DOIS TEXTOS-DOCUMENTOS DA MUSICA POPULAR BRASILEIRA: RAPAZ FOLGADO e HOMENAGEM AO MALANDRO
- Por Itaney Francisco Campos (no face)
Para efeito comparativo e de situação de dois documentos que servirão como fonte para o trabalho de monografia de final de curso de especialização em História cultural, da Universidade Federal de Goiás, selecionei dois textos referenciais da Música Popular Brasileira: RAPAZ FOLGADO, do compositor e cantor Noel Rosa (Noel de Medeiros Rosa) e HOMENAGEM AO MALANDRO, do também compositor e cantor CHICO BUARQUE, nome artístico de Francisco Buarque de Hollanda.
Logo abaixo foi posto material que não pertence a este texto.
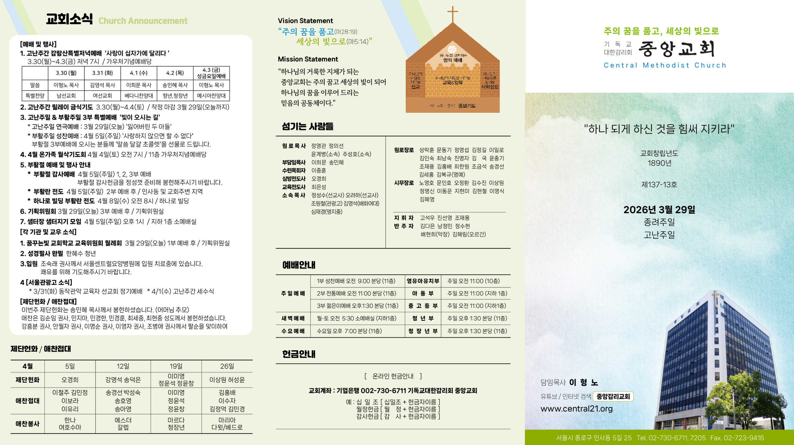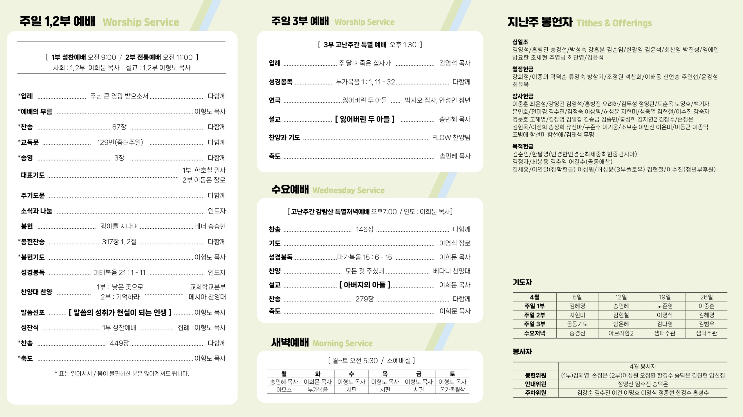 교회소식 교회소식주보 교회소식 주보 교회소식주보 2026년 3월 29일 주일 주보 2026-03-28 이중훈 첨부파일 20260329.jpg 202603292.jpg 목록 이전 :: 2026년 3월 22일 주일

Tanto Noel Rosa quanto Chico Buarque são nomes estelares na história da Música Popular Brasileira, considerados ambos como ícones e insuperáveis letristas em suas respectivas épocas, tendo o primeiro atuado no Rio de Janeiro, nas décadas de 1920 e 1930, e o segundo, naquela mesma cidade, a partir dos meados da década de 1960, até a presente data, quando alcança os 70 anos de idade, em plena criatividade.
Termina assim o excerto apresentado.